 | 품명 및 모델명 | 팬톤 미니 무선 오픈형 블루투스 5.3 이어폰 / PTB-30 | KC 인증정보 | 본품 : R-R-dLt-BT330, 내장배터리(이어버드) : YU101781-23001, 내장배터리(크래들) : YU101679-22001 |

=====

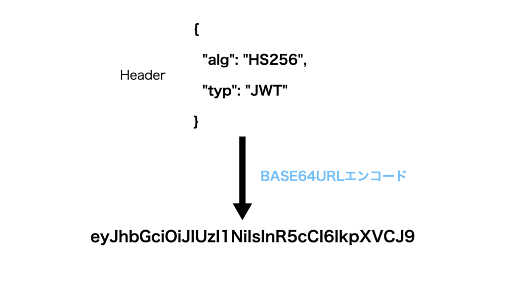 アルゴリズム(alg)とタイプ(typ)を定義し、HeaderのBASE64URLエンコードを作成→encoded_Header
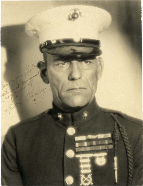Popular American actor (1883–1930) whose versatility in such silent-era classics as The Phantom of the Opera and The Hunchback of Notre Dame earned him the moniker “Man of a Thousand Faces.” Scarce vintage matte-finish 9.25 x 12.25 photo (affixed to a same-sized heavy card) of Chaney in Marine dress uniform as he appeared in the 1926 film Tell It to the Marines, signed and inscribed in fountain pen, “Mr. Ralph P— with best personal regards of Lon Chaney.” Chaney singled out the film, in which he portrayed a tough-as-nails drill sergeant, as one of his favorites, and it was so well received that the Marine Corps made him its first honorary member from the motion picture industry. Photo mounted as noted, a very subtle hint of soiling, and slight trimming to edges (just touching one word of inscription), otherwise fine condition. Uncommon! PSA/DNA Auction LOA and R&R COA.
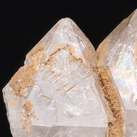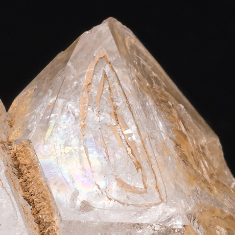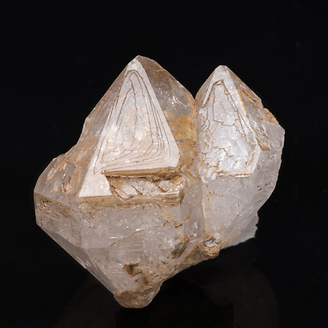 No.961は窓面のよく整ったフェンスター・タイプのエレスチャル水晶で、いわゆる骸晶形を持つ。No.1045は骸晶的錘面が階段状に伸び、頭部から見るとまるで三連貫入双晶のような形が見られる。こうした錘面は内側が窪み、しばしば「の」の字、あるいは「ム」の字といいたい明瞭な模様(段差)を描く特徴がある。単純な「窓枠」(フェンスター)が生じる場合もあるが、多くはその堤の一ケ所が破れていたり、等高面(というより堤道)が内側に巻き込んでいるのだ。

=====

WHAT IS EXPECTED: Above are records with pictures. Reproduce exactly only the lines from the line with "Popular American actor" through the line with "No.961は窓面のよく整っ", both ends included, and leave the pictures out.

ANSWER BELOW:
Popular American actor (1883–1930) whose versatility in such silent-era classics as The Phantom of the Opera and The Hunchback of Notre Dame earned him the moniker “Man of a Thousand Faces.” Scarce vintage matte-finish 9.25 x 12.25 photo (affixed to a same-sized heavy card) of Chaney in Marine dress uniform as he appeared in the 1926 film Tell It to the Marines, signed and inscribed in fountain pen, “Mr. Ralph P— with best personal regards of Lon Chaney.” Chaney singled out the film, in which he portrayed a tough-as-nails drill sergeant, as one of his favorites, and it was so well received that the Marine Corps made him its first honorary member from the motion picture industry. Photo mounted as noted, a very subtle hint of soiling, and slight trimming to edges (just touching one word of inscription), otherwise fine condition. Uncommon! PSA/DNA Auction LOA and R&R COA.
 No.961は窓面のよく整ったフェンスター・タイプのエレスチャル水晶で、いわゆる骸晶形を持つ。No.1045は骸晶的錘面が階段状に伸び、頭部から見るとまるで三連貫入双晶のような形が見られる。こうした錘面は内側が窪み、しばしば「の」の字、あるいは「ム」の字といいたい明瞭な模様(段差)を描く特徴がある。単純な「窓枠」(フェンスター)が生じる場合もあるが、多くはその堤の一ケ所が破れていたり、等高面(というより堤道)が内側に巻き込んでいるのだ。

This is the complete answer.